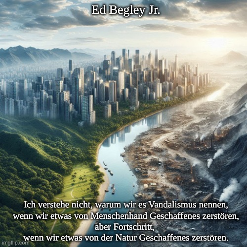 Bild: Peter van Geest AI. Bedeutung: Dieses Zitat ist eine scharfe Kritik an unserer paradoxen Haltung gegenüber Zerstörung: Wenn jemand ein Gebäude, ein Kunstwerk oder ein Denkmal (von Menschenhand geschaffen) zerstört, bezeichnen wir dies als Vandalismus und betrachten es als verwerflich. Wenn wir jedoch Wälder abholzen, Naturgebiete zerstören, Flüsse verschmutzen oder Ökosysteme zerstören (von der Natur geschaffen), bezeichnen wir dies oft als „Fortschritt” oder „Entwicklung”. Quelle: Ed Begley Jr., US-amerikanischer Schauspieler und Umweltaktivist.
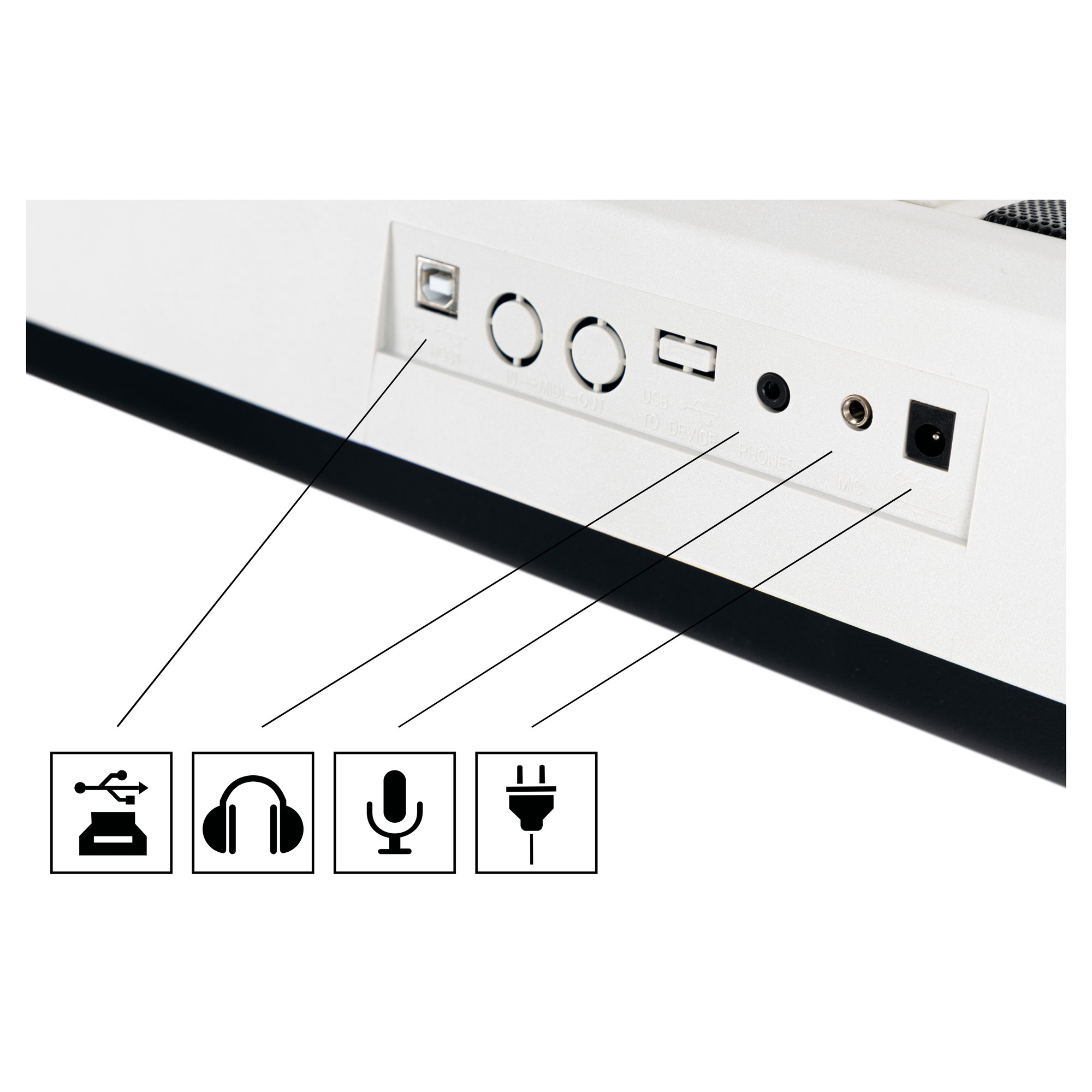 Möchtest Du zu Hause Keyboard spielen, ohne Deine Familie und Nachbarn zu stören, dann schließe einfach Deinen Kopfhörer an das FunKey an. Ein Automatismus deaktiviert zeitgleich die Lautsprecher des Keyboards, sodass Du ohne schlechtes Gewissen üben kannst. Da das FunKey portabel ist und neben dem Netzbetrieb zusätzlich auch reinen Batteriebetrieb erlaubt, kann das Keyboard außerdem leicht auch an andere Rückzugsorte mitgenommen werden.
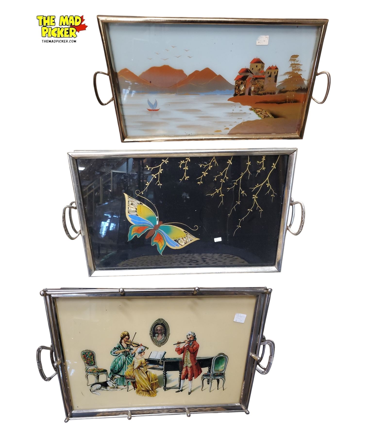 Set of 3 vintage reverse painted glass trays from the Art Deco to mid-20th century period. Features metal frames and handles. Designs include a scenic landscape, butterfly motif possibly incorporating real butterfly wings (a technique linked to Brazilian art), and musicians playing instruments. Unique depth given by glass painting on reverse.
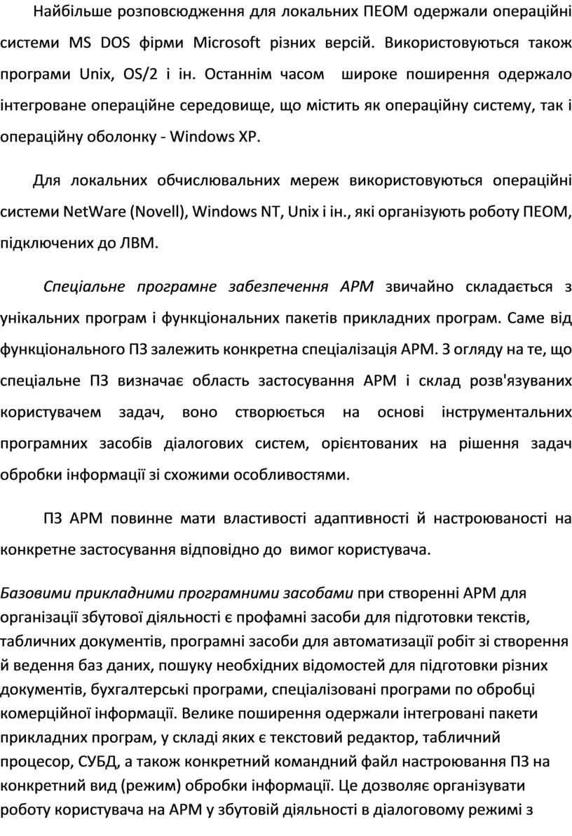 Найбільше розповсюдження для локальних ПЕОМ одержали операційні системи MS DOS фірми Mіcrosoft різних версій. Використовуються також програми Unіx, OS/2 і ін. Останнім часом широке поширення одержало інтегроване операційне середовище, що містить як операційну систему, так і операційну оболонку - Wіndows ХР.
########
▶ Requirement
Please copy the lines above exactly as written, apart from any pictures.

▶ Task output
 Bild: Peter van Geest AI. Bedeutung: Dieses Zitat ist eine scharfe Kritik an unserer paradoxen Haltung gegenüber Zerstörung: Wenn jemand ein Gebäude, ein Kunstwerk oder ein Denkmal (von Menschenhand geschaffen) zerstört, bezeichnen wir dies als Vandalismus und betrachten es als verwerflich. Wenn wir jedoch Wälder abholzen, Naturgebiete zerstören, Flüsse verschmutzen oder Ökosysteme zerstören (von der Natur geschaffen), bezeichnen wir dies oft als „Fortschritt” oder „Entwicklung”. Quelle: Ed Begley Jr., US-amerikanischer Schauspieler und Umweltaktivist.
 Möchtest Du zu Hause Keyboard spielen, ohne Deine Familie und Nachbarn zu stören, dann schließe einfach Deinen Kopfhörer an das FunKey an. Ein Automatismus deaktiviert zeitgleich die Lautsprecher des Keyboards, sodass Du ohne schlechtes Gewissen üben kannst. Da das FunKey portabel ist und neben dem Netzbetrieb zusätzlich auch reinen Batteriebetrieb erlaubt, kann das Keyboard außerdem leicht auch an andere Rückzugsorte mitgenommen werden.
 Set of 3 vintage reverse painted glass trays from the Art Deco to mid-20th century period. Features metal frames and handles. Designs include a scenic landscape, butterfly motif possibly incorporating real butterfly wings (a technique linked to Brazilian art), and musicians playing instruments. Unique depth given by glass painting on reverse.
 Найбільше розповсюдження для локальних ПЕОМ одержали операційні системи MS DOS фірми Mіcrosoft різних версій. Використовуються також програми Unіx, OS/2 і ін. Останнім часом широке поширення одержало інтегроване операційне середовище, що містить як операційну систему, так і операційну оболонку - Wіndows ХР.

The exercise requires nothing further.